Welcome news from the Environmental Protection Agency: Administrator Scott Pruitt is curbing often‐collusive deals (“sue and settle”) by which the agency, sued by outside groups, agrees to adopt new policies or enact new regulations. (It also usually agrees to pay the outside groups handsomely in legal fees.) As The Hill puts it, the new policy (full EPA release here) focuses especially on transparency:
“We will no longer go behind closed doors and use consent decrees and settlement agreements to resolve lawsuits filed against the agency by special interest groups where doing so would circumvent the regulatory process set forth by Congress,” Pruitt said, adding that he is also cracking down on attorneys’ fees paid to litigants.
Under Pruitt’s new directive, the agency will post all lawsuits online, reach out to affected states and industries and seek their input on any potential settlements.
The EPA is pledging to avoid settlements that would make for a rushed regulatory process, or that obligate the agency to take actions that the federal courts do not have the authority to force.
Cato adjunct scholar Andrew Grossman discussed the issue in 2015 Senate and 2017 House testimony, noting that “The EPA alone entered into more than sixty such settlements between 2009 and 2012, committing it to publish more than one hundred new regulations, at a cost to the economy of tens of billions of dollars.” He observed that judicially enforceable consent decrees create “artificial urgency” for bulldozing through new regulations quickly, give favored outside organizations an added channel of influence not available to many of those directly regulated, and tie the hands of later administrations. And as I pointed out in this space a few years back, the issue is by no means confined to the EPA or environmental regulation, but serves as a way to expand government agency power while seeming to constrain it in education, social services, and many other areas.

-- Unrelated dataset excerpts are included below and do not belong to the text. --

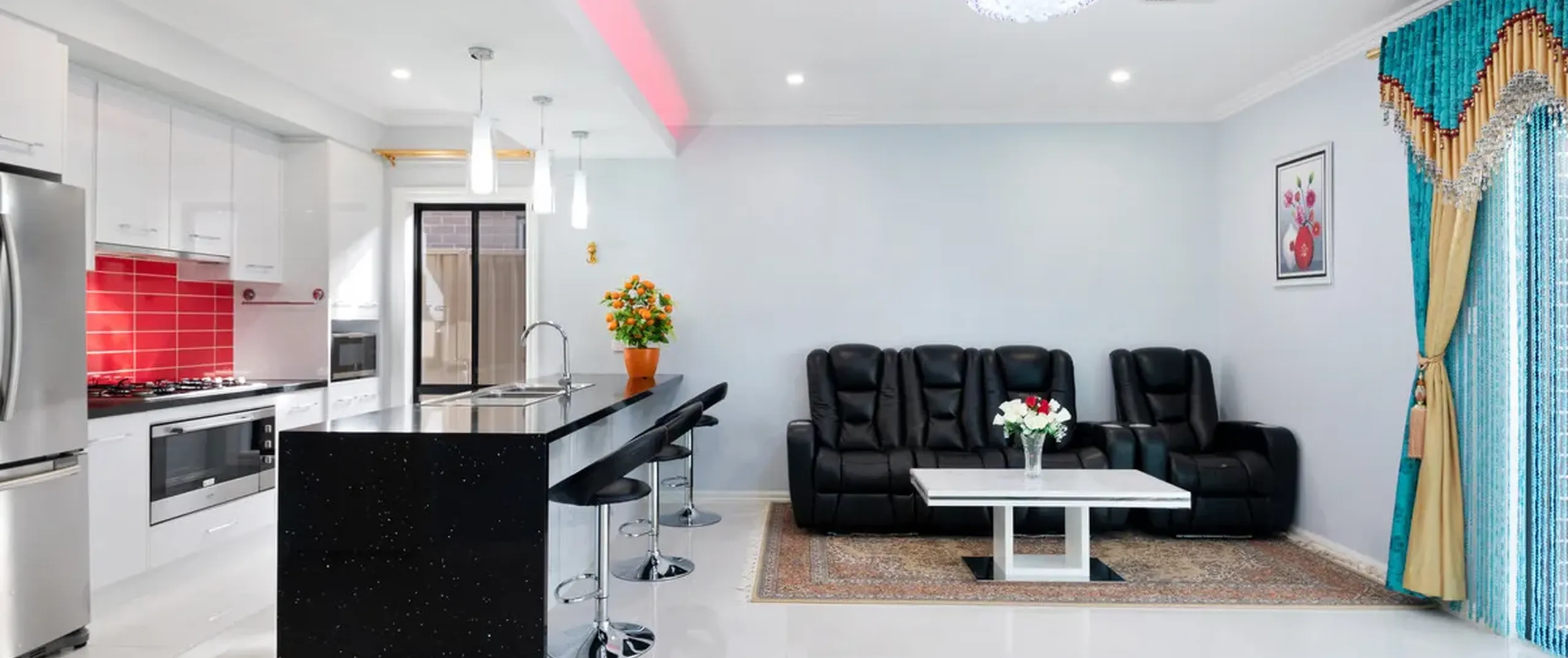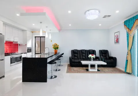 - Beautiful light filled open plan living, dining and kitchen area featuring double sliding doors that opens out to the outdoor entertaining area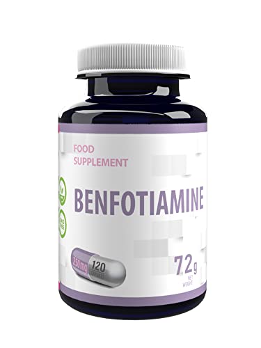 Benfotiamine 250mg 120 veganska kapslar, analyscertifikat från AGROLAB Tyskland, hög styrka, glutenfri, GMO-fri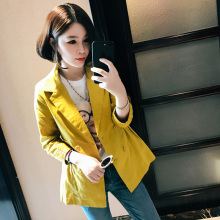 小西装女麻料2017春夏新款韩版时尚修身百搭双排口纯色显瘦外套潮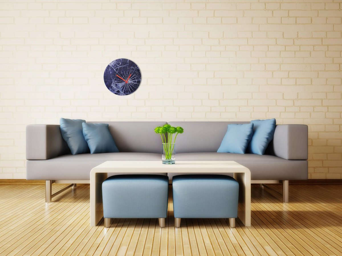 • Klok NE8147 is een wandklok van glas bedrukt met een donkerblauwe print van een gebroken glasplaat.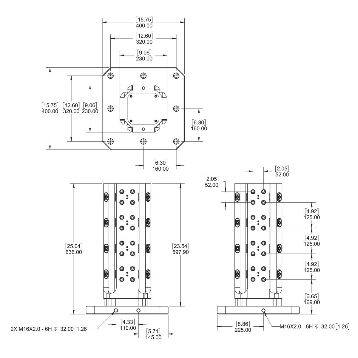 Tento horizontální modulární tombstone umožňuje zpracovat více obrobků během jednoho výrobního cyklu, čímž se snižuje počet zbytečných výměn nástrojů a rychlých pohybů stroje. Minimalizace manipulace s obrobky zvyšuje efektivitu a přesnost výroby, zatímco modulární design tombstonu zkracuje časy nastavení a výměny přípravků, čímž celý obráběcí proces činí rychlejší, plynulejší a produktivnější.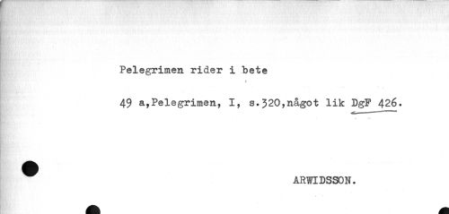 //// Pelegrimen rider i bete //// I //// 49 a,Pelegrimen, I, s.320,något lik DgF 426. ^ ARWIDSSON. ////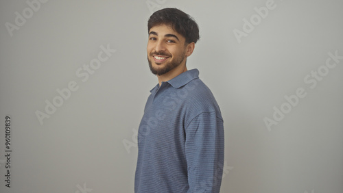 Portrait of a smiling young man with a beard wearing a blue shirt against a white background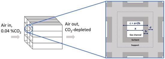 Because of the potential for the monolithic geometry to reduce the pressure drop of air across the bed, the design is considered to be a hypothetical structured adsorbent bed (i.e., monolithic sorbent with squared channels, Figure 2). The sorbent is coated on a support considered to be stainless steel [44]. The characteristic dimensions of the monolith are given in Table 3. Considering this geometry, the specific surface area of the adsorbent is given by , fixed at 907 m2/m3; the active bed volume voidage is given by , equal to 0.39; the bed volume voidage is given by , equal to 0.23; the sorbent bulk density is 281 kg/m3; and the inlet interstitial gas velocity is calculated as .

But the next administration’s EPA chief could reverse Pruitt’s directive with the stroke of a pen. That’s one reason the U.S. Department of Justice — which has been doing its own welcome housecleaning of settlement practices lately — should continue to monitor and regularize litigation practices of this sort, and why Congress should proceed to consider legislation to curb sweetheart pacts on a more lasting basis.